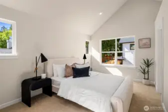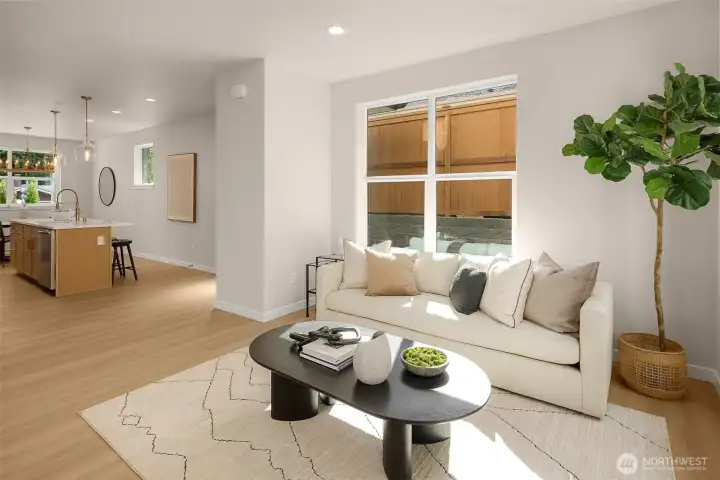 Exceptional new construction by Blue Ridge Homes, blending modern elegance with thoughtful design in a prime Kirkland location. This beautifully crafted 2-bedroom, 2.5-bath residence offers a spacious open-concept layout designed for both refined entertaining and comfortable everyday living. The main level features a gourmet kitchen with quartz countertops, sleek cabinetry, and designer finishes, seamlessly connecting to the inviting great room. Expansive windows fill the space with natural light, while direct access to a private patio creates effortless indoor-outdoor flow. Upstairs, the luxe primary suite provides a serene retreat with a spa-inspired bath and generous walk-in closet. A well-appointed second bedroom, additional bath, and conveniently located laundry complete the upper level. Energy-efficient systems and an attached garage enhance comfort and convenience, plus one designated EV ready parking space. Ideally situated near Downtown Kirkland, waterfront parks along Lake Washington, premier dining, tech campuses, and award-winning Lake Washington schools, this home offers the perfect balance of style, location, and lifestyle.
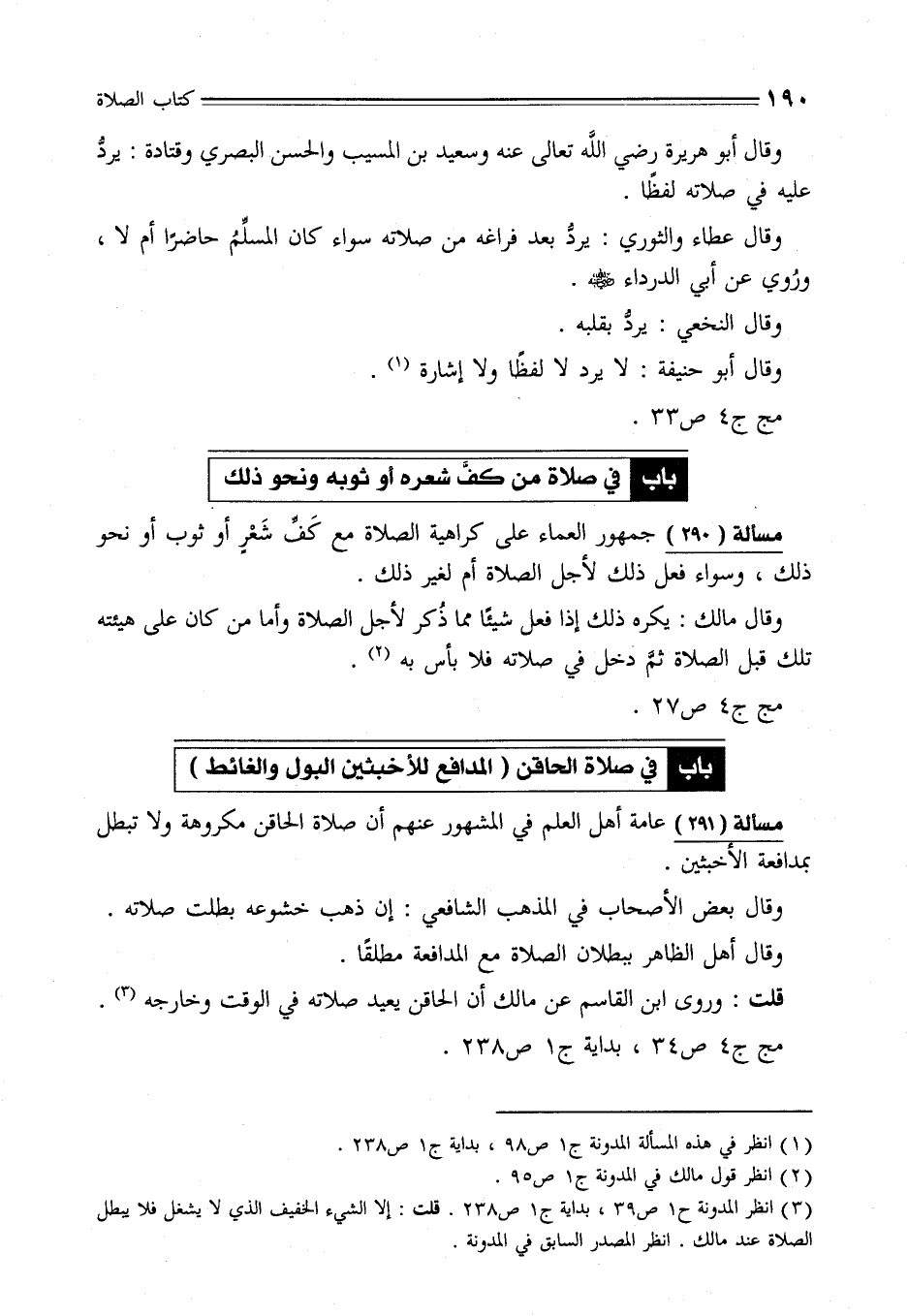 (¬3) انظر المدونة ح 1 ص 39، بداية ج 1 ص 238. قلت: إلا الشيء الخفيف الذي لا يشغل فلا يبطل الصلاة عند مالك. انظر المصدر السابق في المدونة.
============================================================
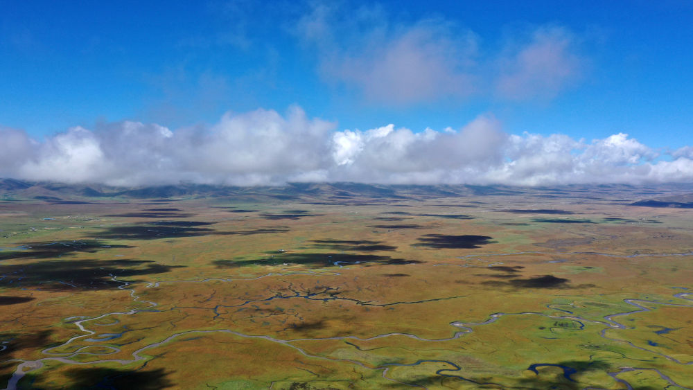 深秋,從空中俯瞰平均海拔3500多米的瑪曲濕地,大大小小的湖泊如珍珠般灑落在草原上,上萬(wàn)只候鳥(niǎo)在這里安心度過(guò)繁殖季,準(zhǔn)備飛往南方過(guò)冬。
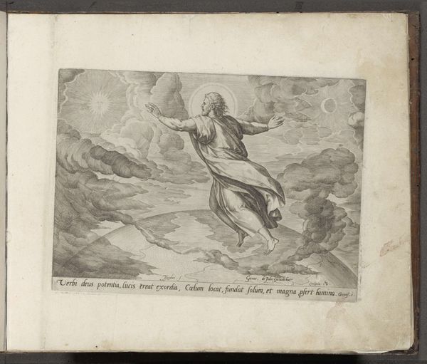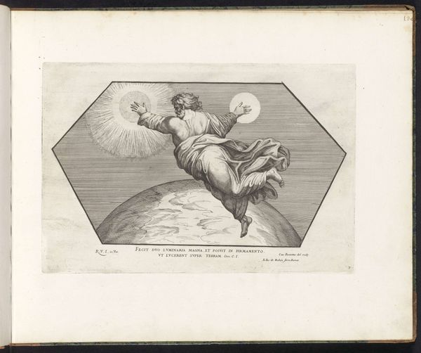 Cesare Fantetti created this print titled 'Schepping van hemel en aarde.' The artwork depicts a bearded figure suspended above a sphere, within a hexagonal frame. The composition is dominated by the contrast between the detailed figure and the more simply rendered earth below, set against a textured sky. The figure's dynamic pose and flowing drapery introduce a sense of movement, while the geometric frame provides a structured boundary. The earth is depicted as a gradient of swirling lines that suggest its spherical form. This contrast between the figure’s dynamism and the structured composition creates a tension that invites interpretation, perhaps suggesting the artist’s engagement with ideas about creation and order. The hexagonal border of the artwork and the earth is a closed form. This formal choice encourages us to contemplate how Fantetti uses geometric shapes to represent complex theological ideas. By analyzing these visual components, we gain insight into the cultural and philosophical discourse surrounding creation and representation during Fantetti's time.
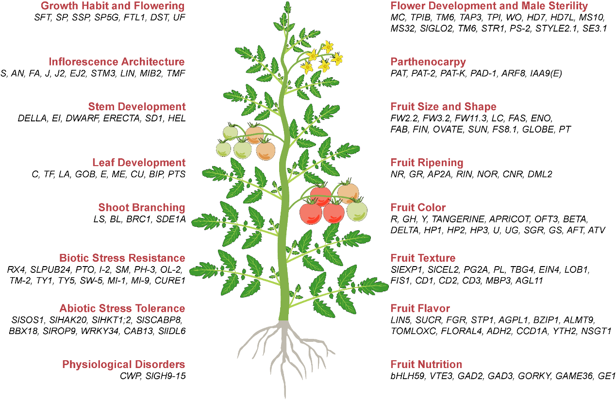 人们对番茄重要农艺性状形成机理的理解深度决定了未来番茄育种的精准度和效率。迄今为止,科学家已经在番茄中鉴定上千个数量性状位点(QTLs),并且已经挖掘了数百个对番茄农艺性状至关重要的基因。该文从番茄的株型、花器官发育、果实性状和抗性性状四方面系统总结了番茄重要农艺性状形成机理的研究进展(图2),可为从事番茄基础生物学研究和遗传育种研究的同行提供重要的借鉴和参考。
============================================================
**WHAT IS REQUIRED**. Look above for the line with "Cesare Fantetti created" and the line with "人们对番茄重要农艺性状形成机". Give again exactly those two lines and all lines between them, pictures excluded.

**WRITTEN SOLUTION**.
 Cesare Fantetti created this print titled 'Schepping van hemel en aarde.' The artwork depicts a bearded figure suspended above a sphere, within a hexagonal frame. The composition is dominated by the contrast between the detailed figure and the more simply rendered earth below, set against a textured sky. The figure's dynamic pose and flowing drapery introduce a sense of movement, while the geometric frame provides a structured boundary. The earth is depicted as a gradient of swirling lines that suggest its spherical form. This contrast between the figure’s dynamism and the structured composition creates a tension that invites interpretation, perhaps suggesting the artist’s engagement with ideas about creation and order. The hexagonal border of the artwork and the earth is a closed form. This formal choice encourages us to contemplate how Fantetti uses geometric shapes to represent complex theological ideas. By analyzing these visual components, we gain insight into the cultural and philosophical discourse surrounding creation and representation during Fantetti's time.
 人们对番茄重要农艺性状形成机理的理解深度决定了未来番茄育种的精准度和效率。迄今为止,科学家已经在番茄中鉴定上千个数量性状位点(QTLs),并且已经挖掘了数百个对番茄农艺性状至关重要的基因。该文从番茄的株型、花器官发育、果实性状和抗性性状四方面系统总结了番茄重要农艺性状形成机理的研究进展(图2),可为从事番茄基础生物学研究和遗传育种研究的同行提供重要的借鉴和参考。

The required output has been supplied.